Action item: Print exactly, and only, the lines from the one containing "卒園式 シフォン レディース" through the last line of the records below, both included; leave out the pictures.

Records shown:

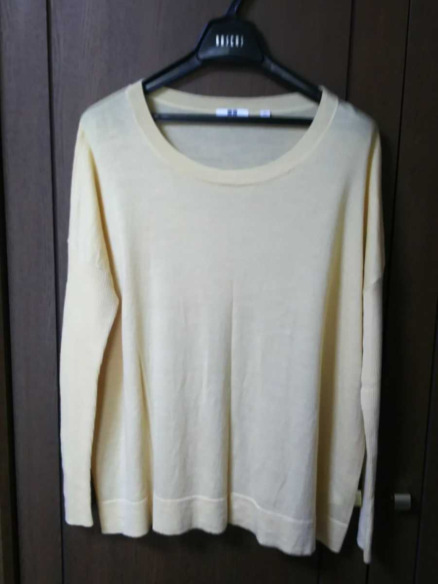 ユニクロのドルマンニットLサイズ、実寸は平置きで幅65、丈63、薄手の柔らかいニットです。
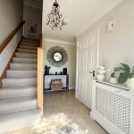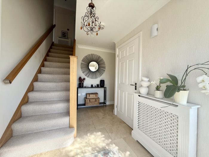 SPACIOUS ENTRANCE HALL entrance door with fixed frosted glazed side panels; oak staircase to first floor; radiator; tiled flooring.
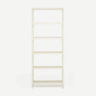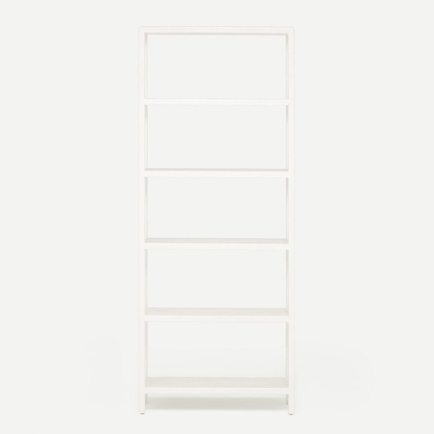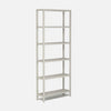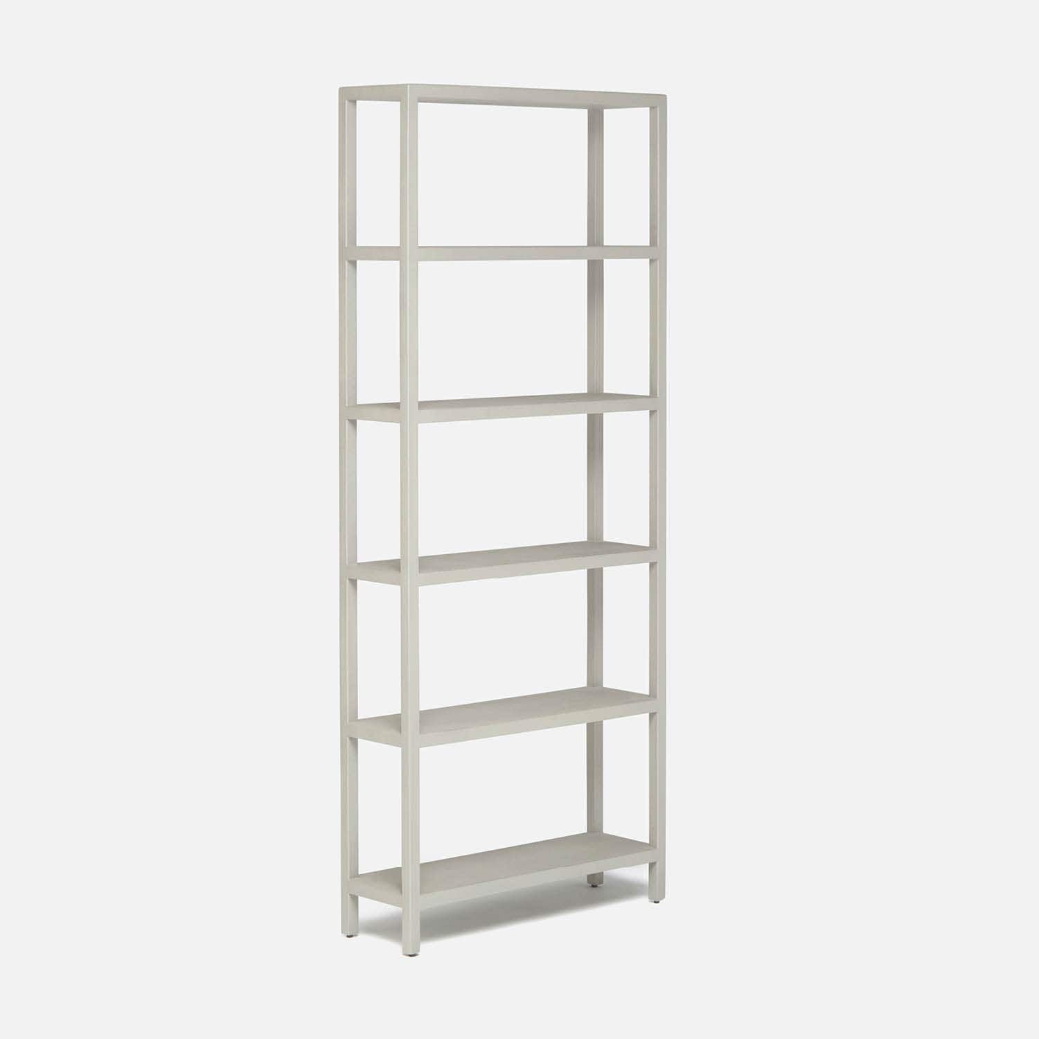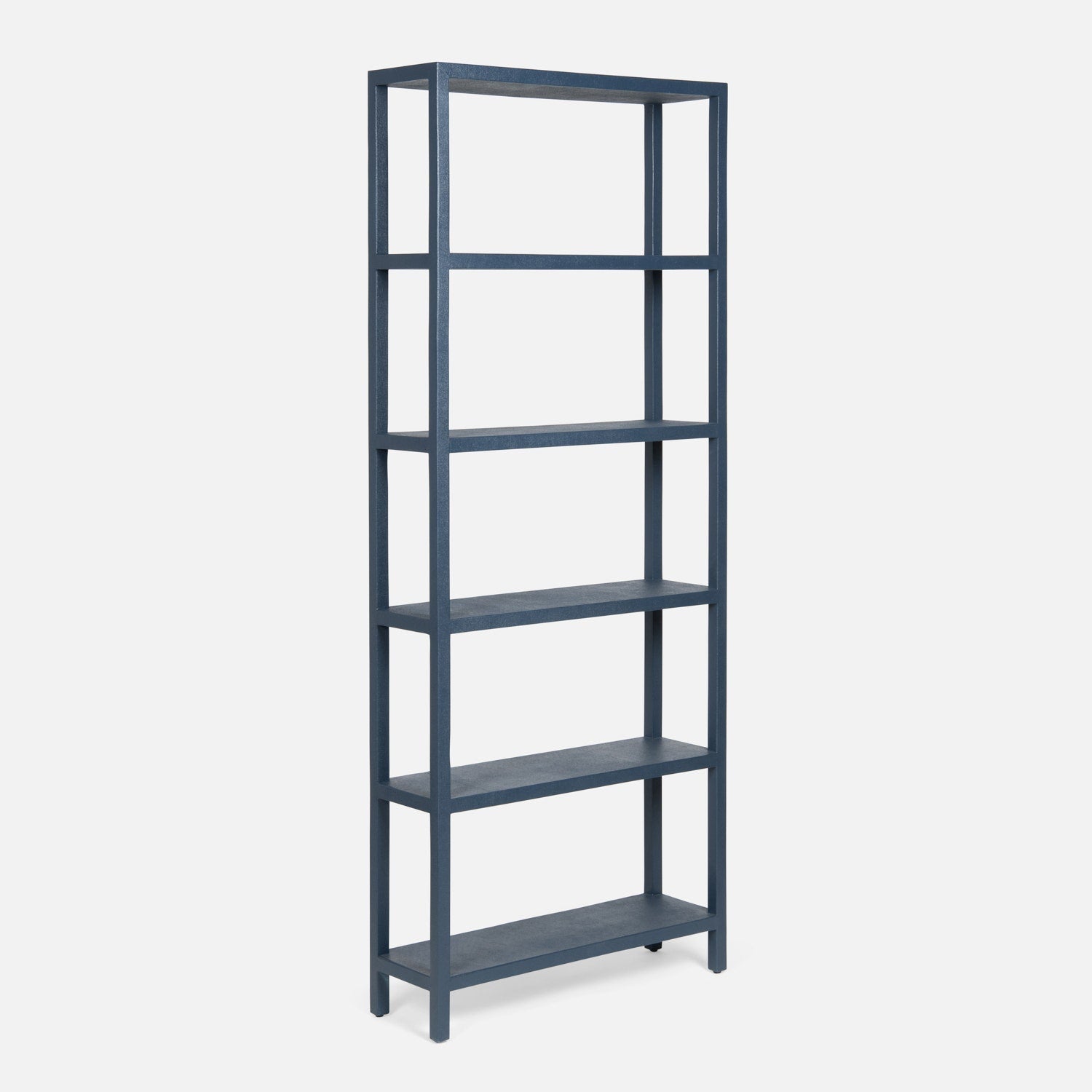 - Finished entirely in faux Belgian linen, the look is clean and modern with a natural texture that gives this piece an overall warmth-must-have shelving for living rooms, dining rooms, guest rooms, and more.
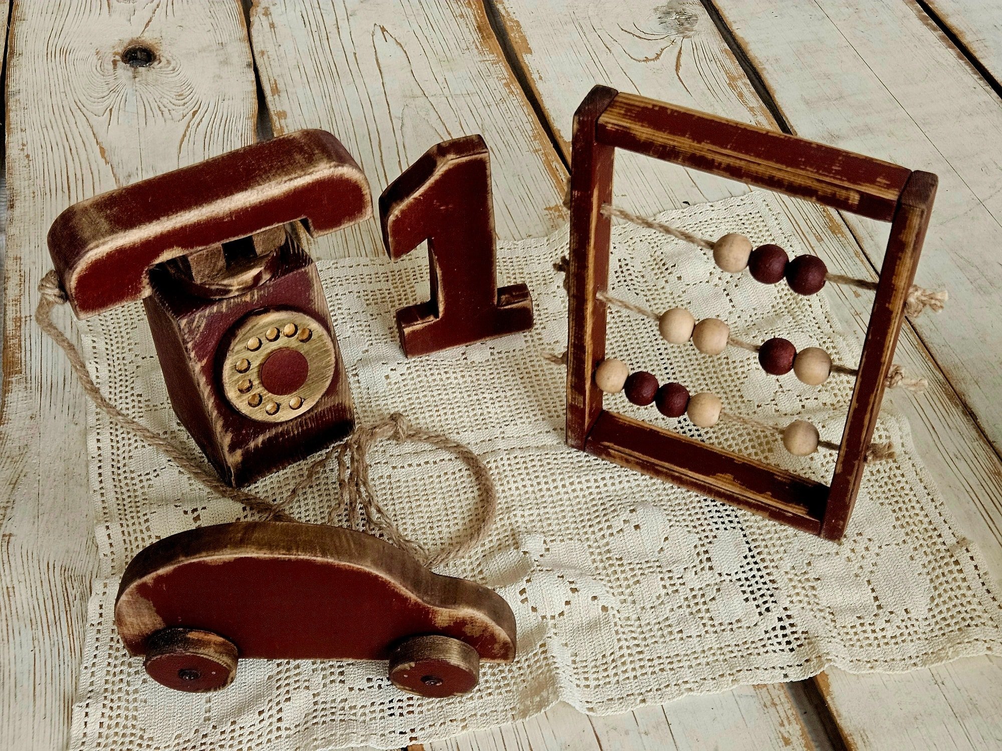 Handmade wooden set *Car + abacus + number 1+Phone
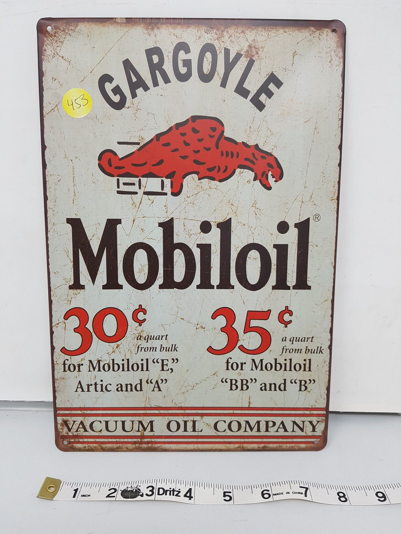 Gargoyle Mobiloil reproduction sign 11.5 X 8"
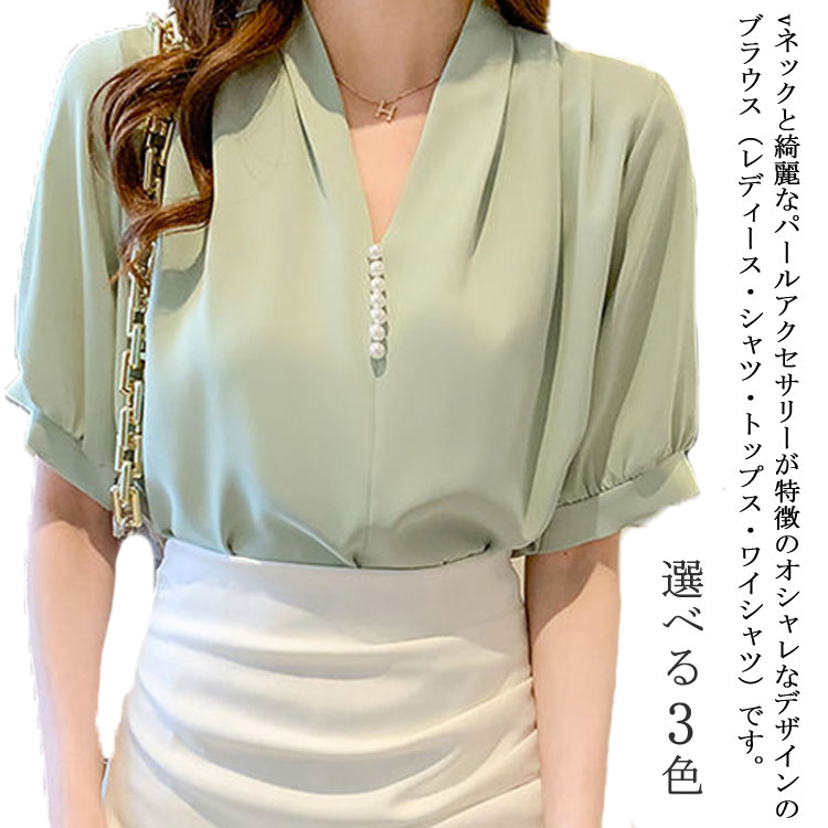 卒園式 シフォン レディース プルオーバー シャツ 半袖 ブラウス トップス 夏 インナー 通勤 普段着 お出掛け ゆったり 入学式 ホワイト グリーン 春 ベージュ 大きいサイズ カジュアル Vネッ
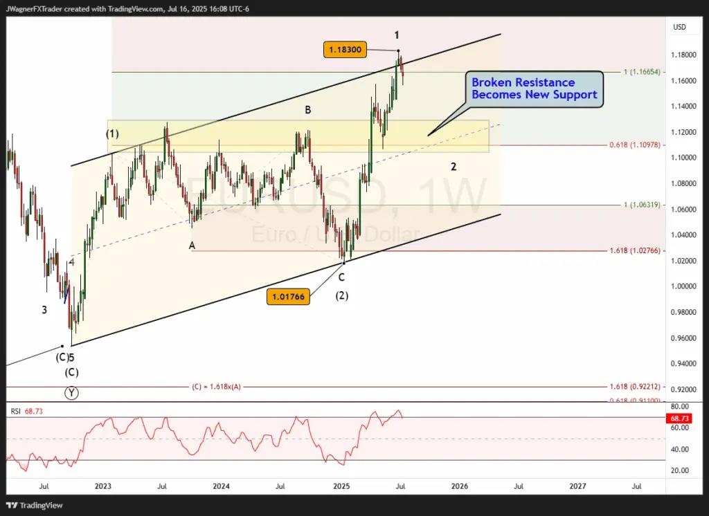 As the new downtrend develops, further review of wave structure will clarify where the market stands in the larger Elliott wave context and help identify strategic opportunities in EUR/USD.
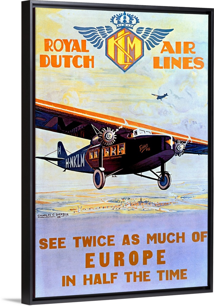 <p>Canvas wall art of an old advertisement for an airline company in Europe.</p>
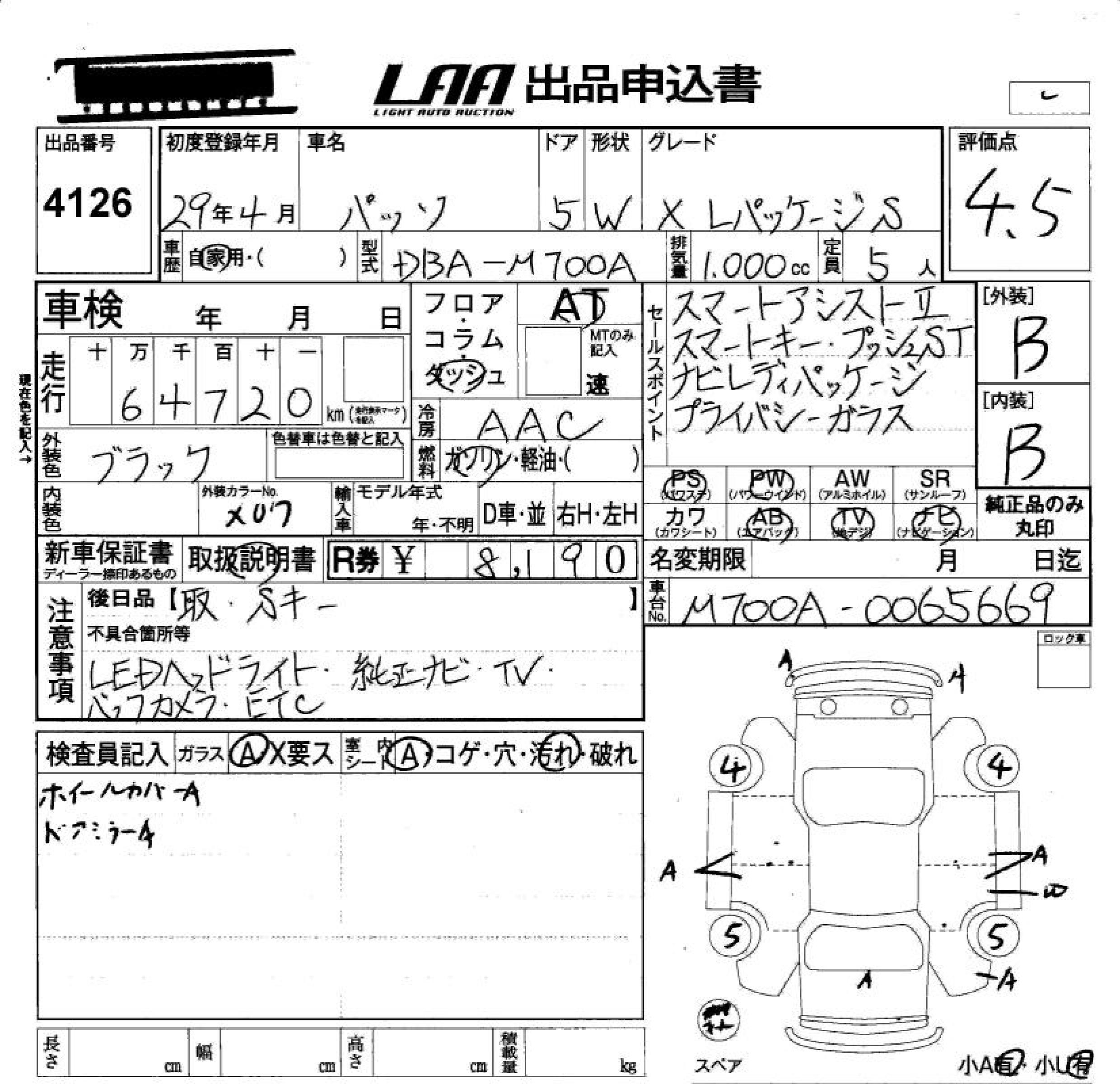 TOYOTA PASSO X L PACKAGE *S - лот 4126
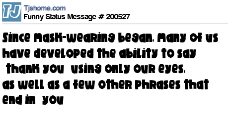 X says Since mask-wearing began, many of us have developed the ability to say “thank you” using only our eyes, as well as a few other phrases that end in “you”
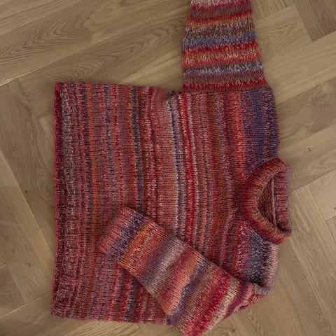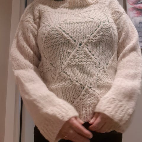 Ny og ubrukt håndstrikket genser i mohair, ull, og silke som gjør plagget lett og luftig. Se siste bilde for nærmere info om garnet.

Expected answer:
 卒園式 シフォン レディース プルオーバー シャツ 半袖 ブラウス トップス 夏 インナー 通勤 普段着 お出掛け ゆったり 入学式 ホワイト グリーン 春 ベージュ 大きいサイズ カジュアル Vネッ
 As the new downtrend develops, further review of wave structure will clarify where the market stands in the larger Elliott wave context and help identify strategic opportunities in EUR/USD.
 <p>Canvas wall art of an old advertisement for an airline company in Europe.</p>
 TOYOTA PASSO X L PACKAGE *S - лот 4126
 X says Since mask-wearing began, many of us have developed the ability to say “thank you” using only our eyes, as well as a few other phrases that end in “you”
 Ny og ubrukt håndstrikket genser i mohair, ull, og silke som gjør plagget lett og luftig. Se siste bilde for nærmere info om garnet.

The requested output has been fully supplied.